In the figures, 1 denotes the furnace itself with the lining 2. 3 is the anode and 4

is the primary gas collection ring that rests on the crust 5. In the device according to fig. I is the lower and upper part of the shielding device,

respectively no. 6 and 7, connected with a hanging sling device 8 which allows the lower part to be swung up and the respective upper part to be swung down as needed. As can be seen from the drawing, the lower part 6 rests on the oven door with a gap 9 between the oven and the door, so that a draft is obtained from the cellar. Lower part 6 can also be finished above the oven door so that the air draws up along the door and inside the shielding device.

In the device according to fig. II, the two parts of the shielding device are displaceable so that the lower part 10 can be pushed upwards, but the upper part 11 can be pushed downwards.
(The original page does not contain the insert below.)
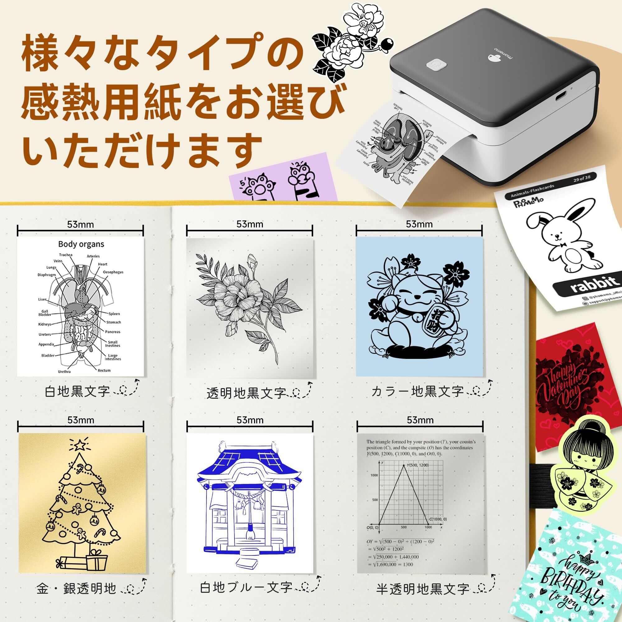 ミニとファッションデザイン:コンパクトサイズと強力なシェルがありますので、どこにでもこのミニプリンターを持ち込むことができます。例えば飛行機です。サーマルプリンター「M02 PRO」はシンプルでスタイリッシュなデザインがあるので、家族、友人、同僚、子供へクリスマス、ハロウィーン、感謝祭、正月の贈り物におすすめです

With this device, the shielding device is parallel to the anode stand 12.

Claims (3)

1. Device for collecting furnace gas from furnaces for smelting electrolytic production of aluminum, where the current is supplied to the anode by means of vertical contact bolts and where the anode at the bath surface is surrounded by a gas collection ring (4), characterized by a shielding device that surrounds the furnace and shields the surroundings from gases and heat, while at the same time, due to the chimney's effect, it leads the gases up above the working level. 2. Device as in claim 1, characterized in that the shielding consists of a lower part (6) and an upper part (7) both of which are pivotably stored using a hinge or the like. (8). 3. Device as in claim 1 characterized in that the shielding consists of a lower part (10) and an upper part (11) which are displaceable in relation to each other.